Your job is to set down the stretch of entries that opens with the line containing "72x24 cm. 674161." and closes with the line containing "パステルピンク色のチェコビー". Keep both end lines, copy each exactly, and add nothing.

# Provided material
++++++++++

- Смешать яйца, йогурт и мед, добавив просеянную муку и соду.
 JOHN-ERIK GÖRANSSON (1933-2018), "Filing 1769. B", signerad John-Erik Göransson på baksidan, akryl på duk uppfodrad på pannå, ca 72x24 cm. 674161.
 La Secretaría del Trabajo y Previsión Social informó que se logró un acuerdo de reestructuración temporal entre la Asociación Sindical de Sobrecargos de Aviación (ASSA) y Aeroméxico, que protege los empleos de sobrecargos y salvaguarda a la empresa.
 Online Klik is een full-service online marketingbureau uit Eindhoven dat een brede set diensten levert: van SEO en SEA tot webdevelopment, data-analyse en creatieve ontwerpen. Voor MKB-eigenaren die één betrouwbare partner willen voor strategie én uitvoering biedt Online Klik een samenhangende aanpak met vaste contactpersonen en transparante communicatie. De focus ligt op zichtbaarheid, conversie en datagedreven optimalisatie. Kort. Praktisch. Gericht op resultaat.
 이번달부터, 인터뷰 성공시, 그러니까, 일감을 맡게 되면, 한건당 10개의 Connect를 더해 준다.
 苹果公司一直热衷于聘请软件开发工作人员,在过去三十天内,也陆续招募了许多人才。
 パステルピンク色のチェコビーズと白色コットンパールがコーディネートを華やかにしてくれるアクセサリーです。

++++++++++

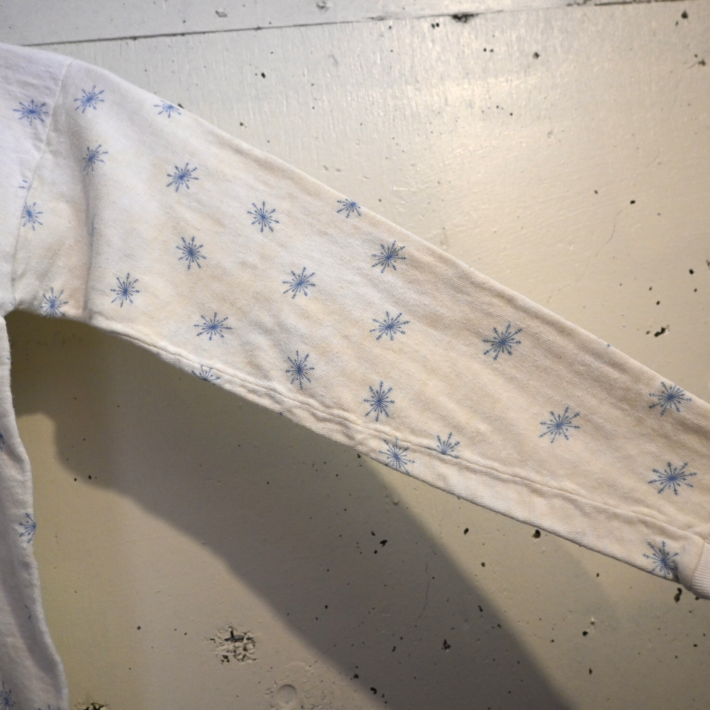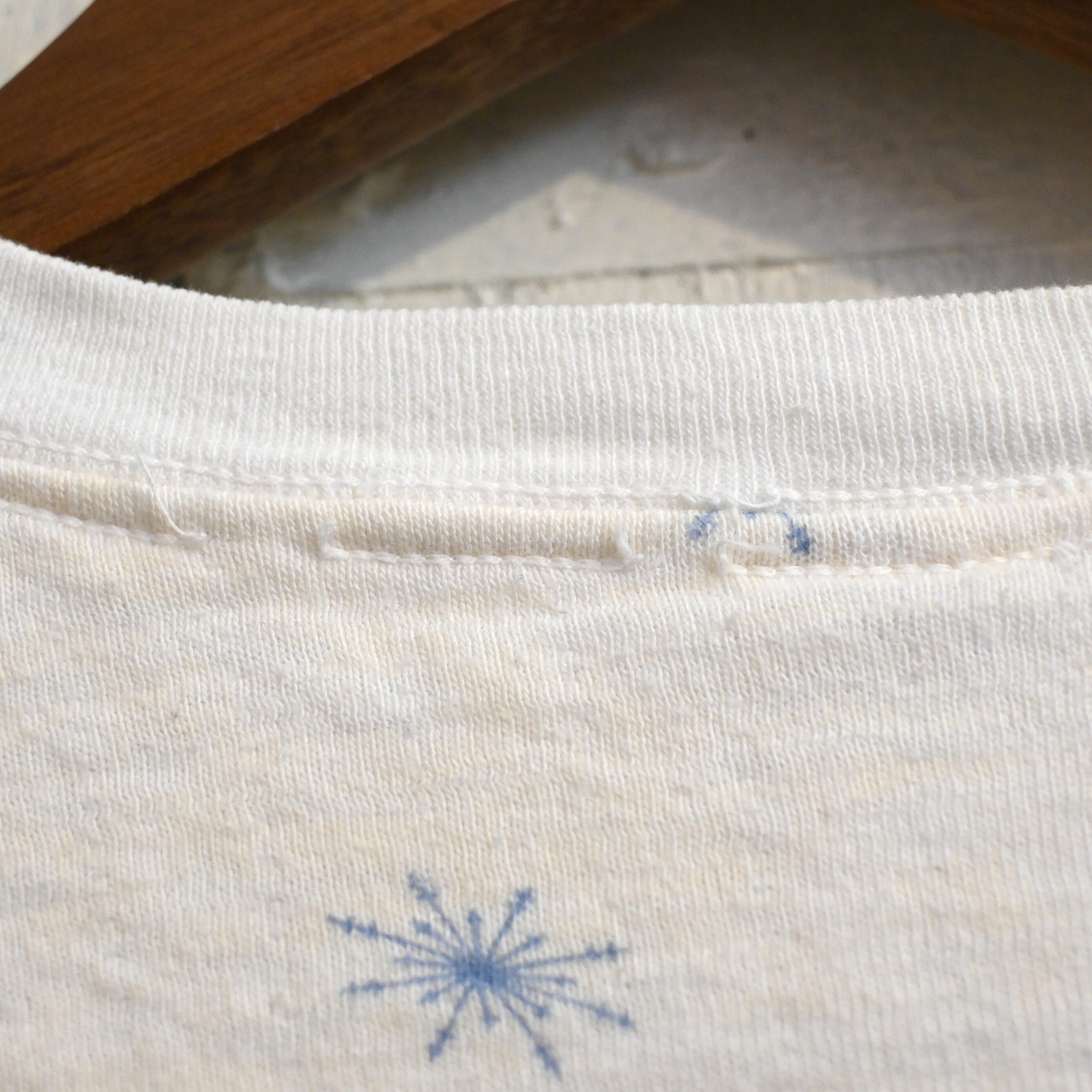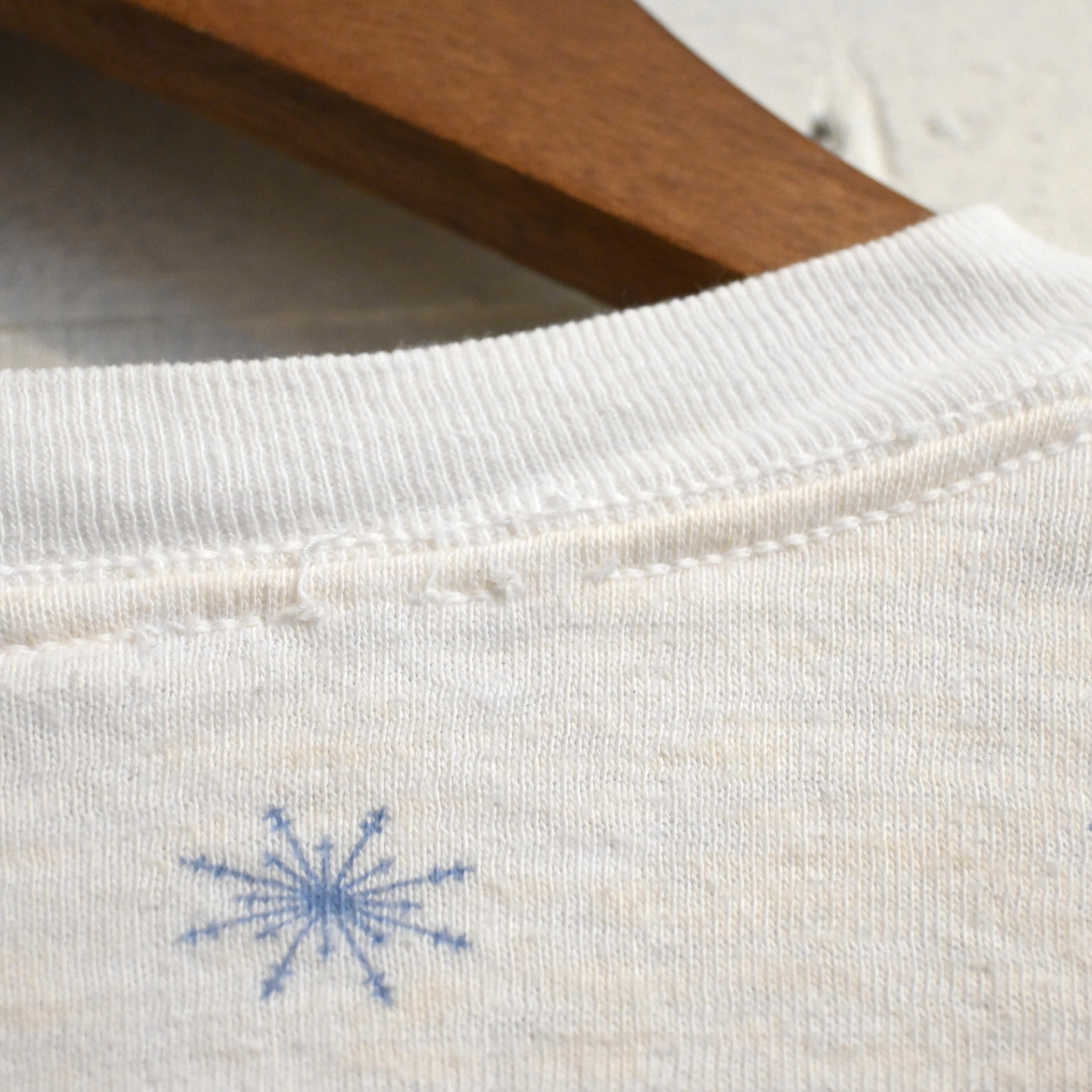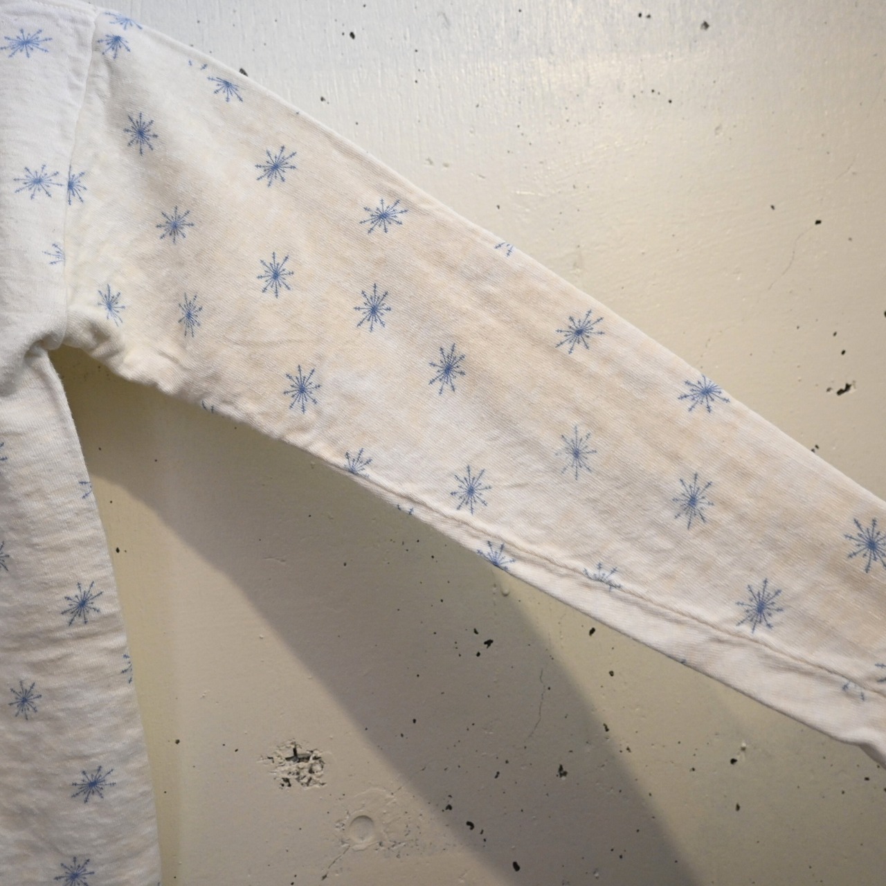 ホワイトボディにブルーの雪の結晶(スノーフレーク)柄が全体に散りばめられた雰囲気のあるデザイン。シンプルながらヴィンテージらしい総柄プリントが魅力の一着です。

++++++++++

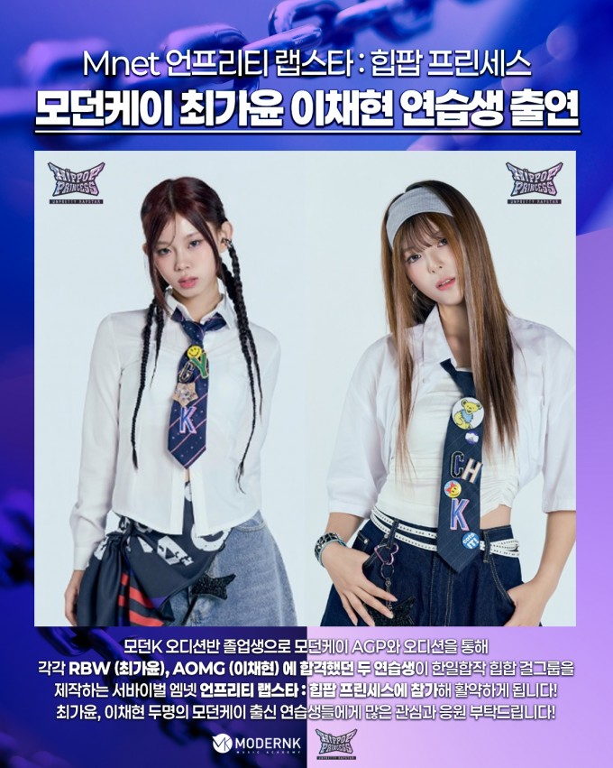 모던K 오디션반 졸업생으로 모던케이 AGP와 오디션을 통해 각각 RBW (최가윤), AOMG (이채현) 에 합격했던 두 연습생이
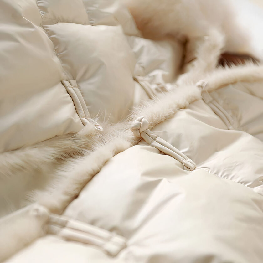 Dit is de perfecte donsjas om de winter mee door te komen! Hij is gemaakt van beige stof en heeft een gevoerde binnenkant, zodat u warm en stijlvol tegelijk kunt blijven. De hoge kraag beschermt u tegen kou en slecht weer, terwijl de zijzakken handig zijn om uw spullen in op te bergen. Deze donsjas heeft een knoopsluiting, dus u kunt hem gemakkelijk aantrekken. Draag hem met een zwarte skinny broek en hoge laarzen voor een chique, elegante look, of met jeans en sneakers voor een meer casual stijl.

++++++++++

# Result for this task
 JOHN-ERIK GÖRANSSON (1933-2018), "Filing 1769. B", signerad John-Erik Göransson på baksidan, akryl på duk uppfodrad på pannå, ca 72x24 cm. 674161.
 La Secretaría del Trabajo y Previsión Social informó que se logró un acuerdo de reestructuración temporal entre la Asociación Sindical de Sobrecargos de Aviación (ASSA) y Aeroméxico, que protege los empleos de sobrecargos y salvaguarda a la empresa.
 Online Klik is een full-service online marketingbureau uit Eindhoven dat een brede set diensten levert: van SEO en SEA tot webdevelopment, data-analyse en creatieve ontwerpen. Voor MKB-eigenaren die één betrouwbare partner willen voor strategie én uitvoering biedt Online Klik een samenhangende aanpak met vaste contactpersonen en transparante communicatie. De focus ligt op zichtbaarheid, conversie en datagedreven optimalisatie. Kort. Praktisch. Gericht op resultaat.
 이번달부터, 인터뷰 성공시, 그러니까, 일감을 맡게 되면, 한건당 10개의 Connect를 더해 준다.
 苹果公司一直热衷于聘请软件开发工作人员,在过去三十天内,也陆续招募了许多人才。
 パステルピンク色のチェコビーズと白色コットンパールがコーディネートを華やかにしてくれるアクセサリーです。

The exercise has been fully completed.